Your task is to retype, exactly and without pictures, the line holding "Sleeveless Flamingo Print" and each line that follows it to the end of the entries.

--- Data extracts Enclosed Below ---

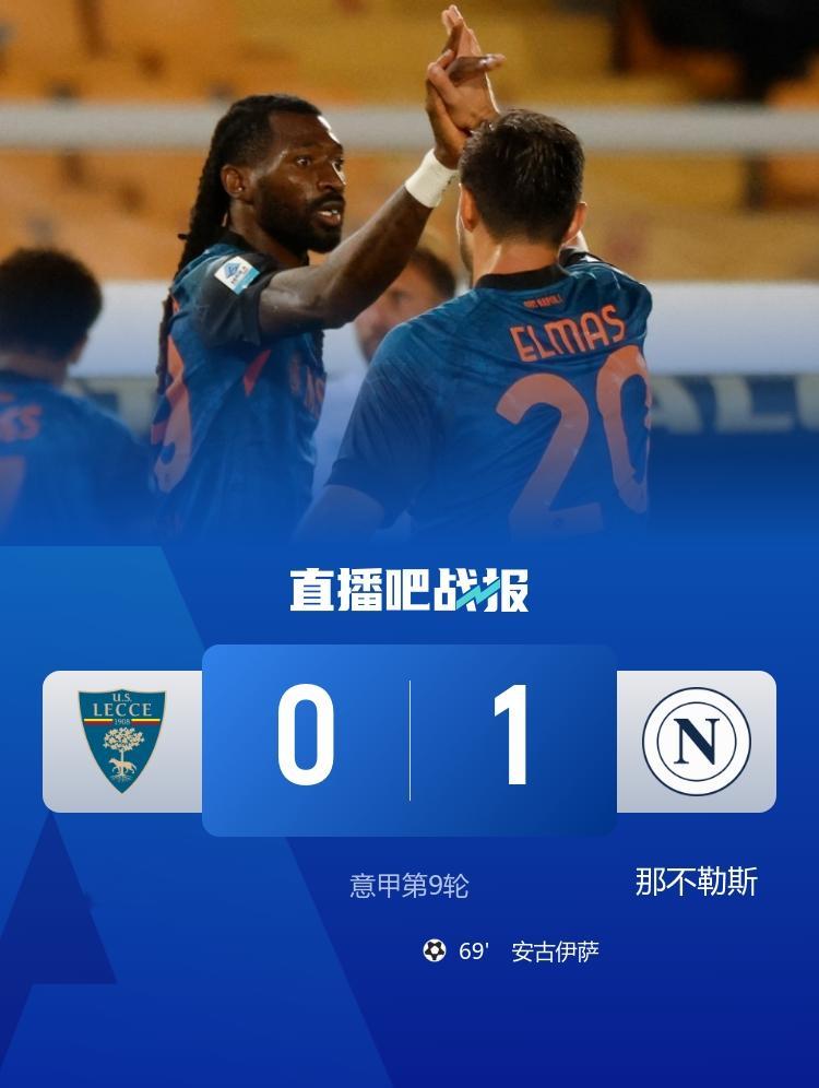 安古伊萨制胜,瓦尼亚扑点,那不勒斯客场1-0战胜莱切取得两连胜。
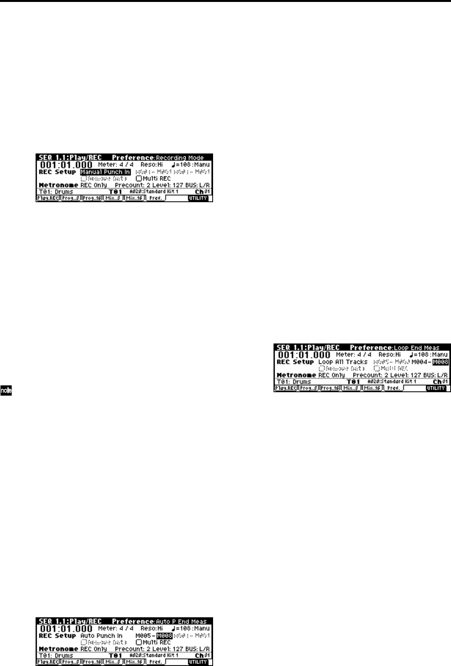 2 Set the “Recording Mode” to Auto Punch In. (SEQ
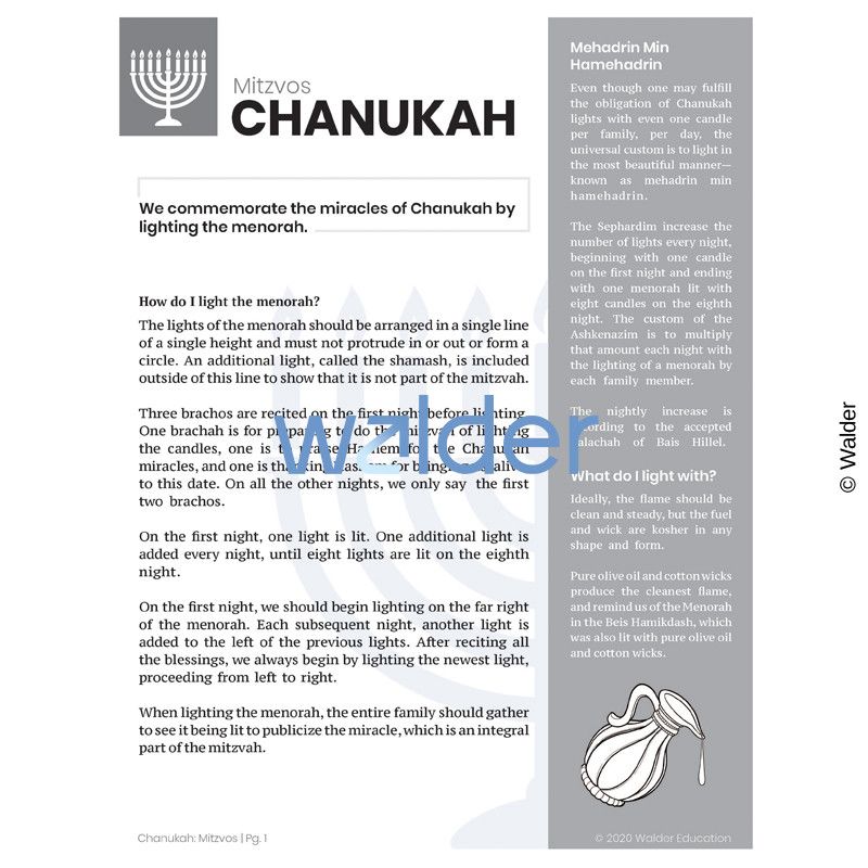For more information about the holiday, look for other Chanukah handouts in our Bite-Size Chagim Curriculum. The question format, along with easy-to-understand answers, makes learning these concepts a breeze for all ages. Worksheets are also included to help check for comprehension and understanding.
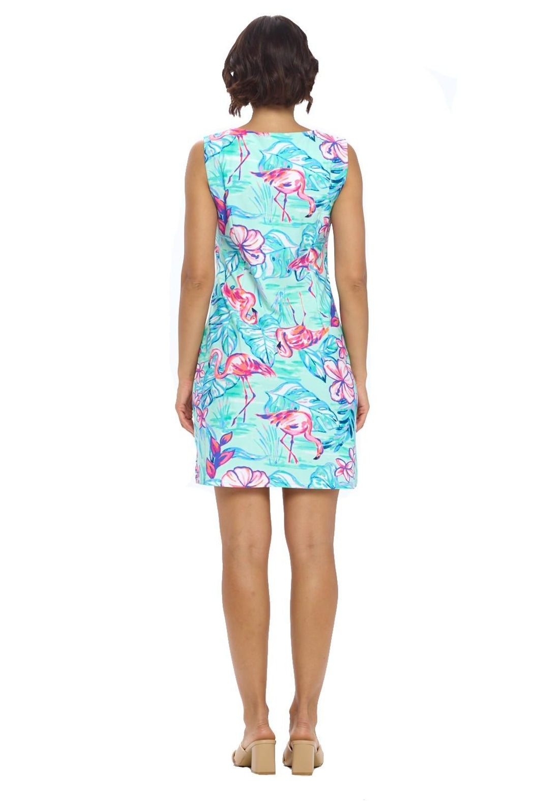 Sleeveless Flamingo Print Dress, Split Neck And UPF+50
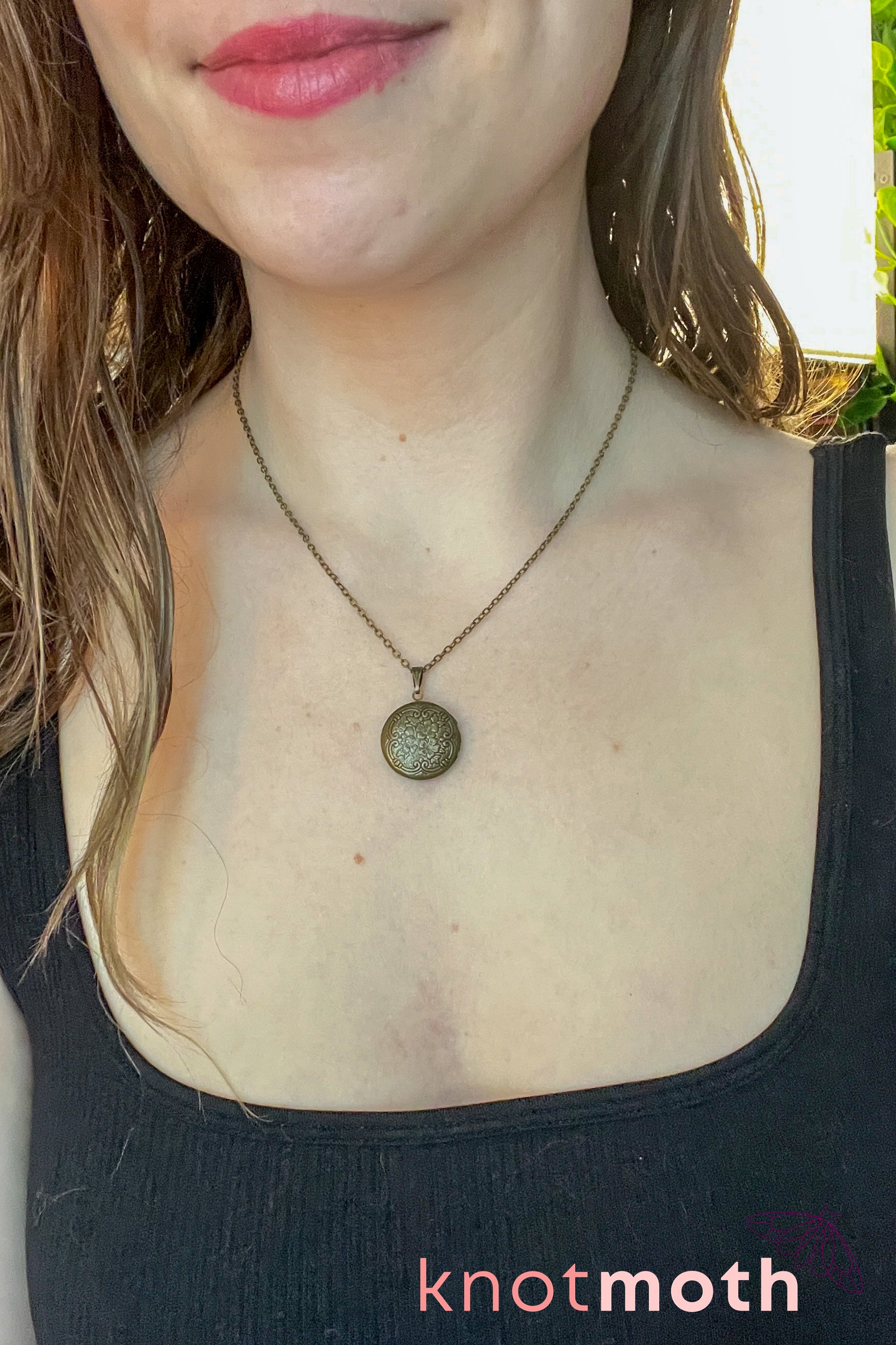 Show your love for someone special or treat yourself to a unique, elegant handmade masterpiece! This charming engraved bronze locket is filled with a vibrant yellow micro-crochet daffodil flower for a tiny, intricate piece of breathtaking jewelry!

--- End of Enclosed Data extracts ---

▶ _Result of this exercise_
 Sleeveless Flamingo Print Dress, Split Neck And UPF+50
 Show your love for someone special or treat yourself to a unique, elegant handmade masterpiece! This charming engraved bronze locket is filled with a vibrant yellow micro-crochet daffodil flower for a tiny, intricate piece of breathtaking jewelry!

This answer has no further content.